Abstract

Equine pluripotent stem cells have been derived from the inner cell mass of blastocyst stage embryos (embryonic stem cells, ESCs) and from the reprogramming of adult cells into a pluripotent state (induced pluripotent stem cells, iPSCs).

ESCs differentiate into tenocytes in vivo following their injection into an injured horse tendon and in vitro in response to transforming growth factor beta 3 (TGFβ3) and/or 3D culture in an anchored collagen matrix.

Here we demonstrate that while equine iPSCs express tendon-associated genes and proteins following TGF -β3 exposure in 2D culture, they cannot remodel a 3D collagen matrix to generate “artificial tendons”. This demonstrates the utility of the 3D in vitro tendon assay for measuring functional tendon differentiation and the need for more detailed studies to be performed to determine if epigenetic differences exist between equine iPSCs and ESCs.

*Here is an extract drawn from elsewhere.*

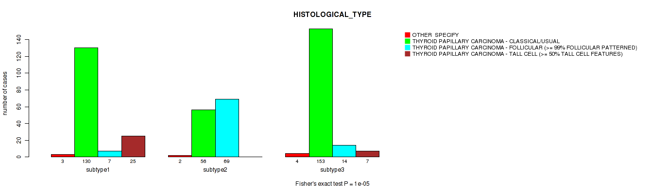 | HISTOLOGICAL TYPE | Fisher's exact test |
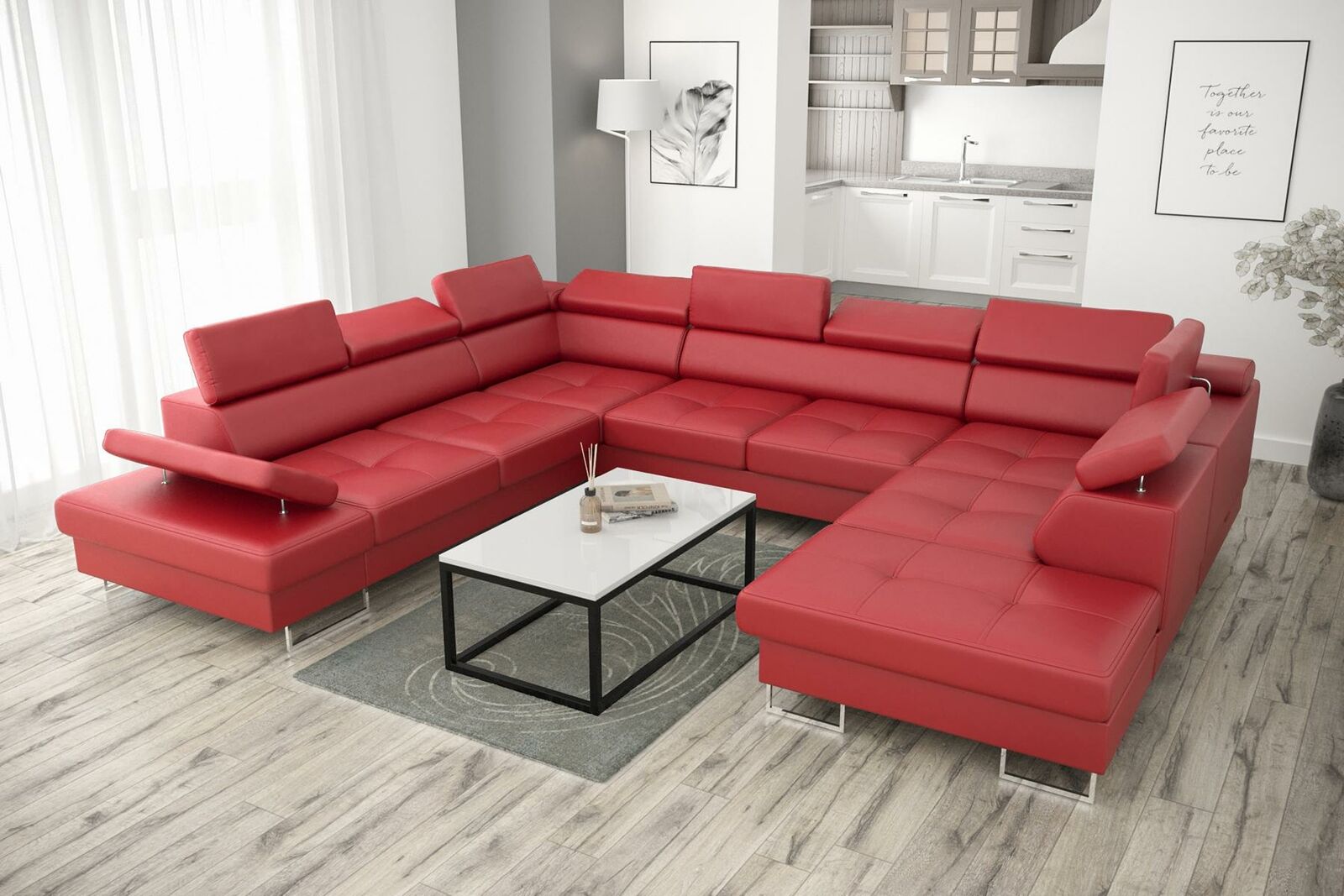 Erwerben Sie jetzt Ihre Traum-Wohnlandschaft in U-Form aus Textil oder Leder bei XL Möbel! Unsere Ecksofas sind weich gepolstert und bieten höchsten Komfort. Wählen Sie aus einer Vielzahl von Farben wie Rubinrot, Schokolade, Schwarz und vielen mehr. Die Maße betragen ca. 350 x 280/220 x 98 cm und bieten viel Platz für gemütliche Abende. Das Innengestell aus echtem Holz sorgt für Stabilität und Langlebigkeit. Entscheiden Sie sich zwischen verschiedenen Materialoptionen wie Stoffgruppe 1, Premium Kunstleder Gruppe III oder IV. Optional können Sie einen Bettkasten und Unterboden LED-Beleuchtung dazu bestellen. Machen Sie Ihr Wohnzimmer zum perfekten Ort zum Entspannen mit unserer modernen U-Form Wohnlandschaft! Profitieren Sie von unserer großen Farbauswahl und bestellen Sie jetzt!

To ensure the safety of pluripotent stem cells in the clinic the mechanisms controlling their differentiation must be understood. We have demonstrated that the transcription factor scleraxis is required for tendon differentiation by equine ESCs, as the overexpression of a short hairpin RNA (shRNA) to scleraxis leads to a failure to generate artificial tendons in 3D culture. Scleraxis is also required for the generation of artificial tendons by fetal tenocytes and its knockdown using shRNA results in a significant reduction in the expression of COL1A1 , COMP and SOX9 . These effects can subsequently be rescued through scleraxis overexpression. In contrast, adult tenocytes expressing a shRNA to scleraxis demonstrated no changes in the expression levels of the genes measured and the cells continued to generate artificial tendons as normal in 3D culture.

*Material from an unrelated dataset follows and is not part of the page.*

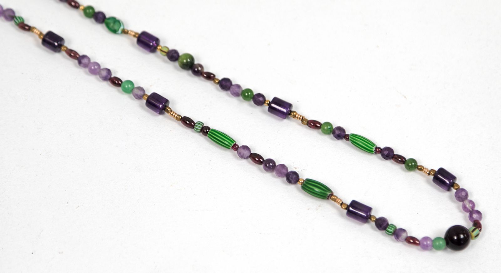 african trade beads, vintage amethyst & garnet. roman period brass & singular glass bead, gold-filled spirals. moss agate & jadeite.
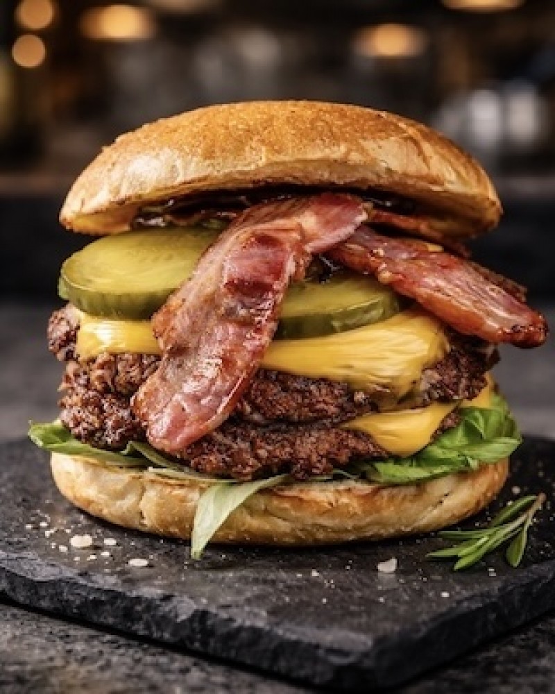 Salade, tomate, oignons, steak smashé, cheddar, pickles.

A further safety consideration is in understanding the immune properties of pluripotent stem cells and their differentiated derivatives. We have demonstrated that allogeneic ESCs do not produce a detectable immune response following their injection into the injured tendon in a small scale in vivo study. Furthermore, undifferentiated ESCs and spontaneously differentiated ESCs do not stimulate the proliferation of co-cultured allogeneic peripheral blood mononuclear cells in vitro. However, more detailed studies on the immune properties of ESC -derived tendon cells and the effect of an inflammatory environment are required.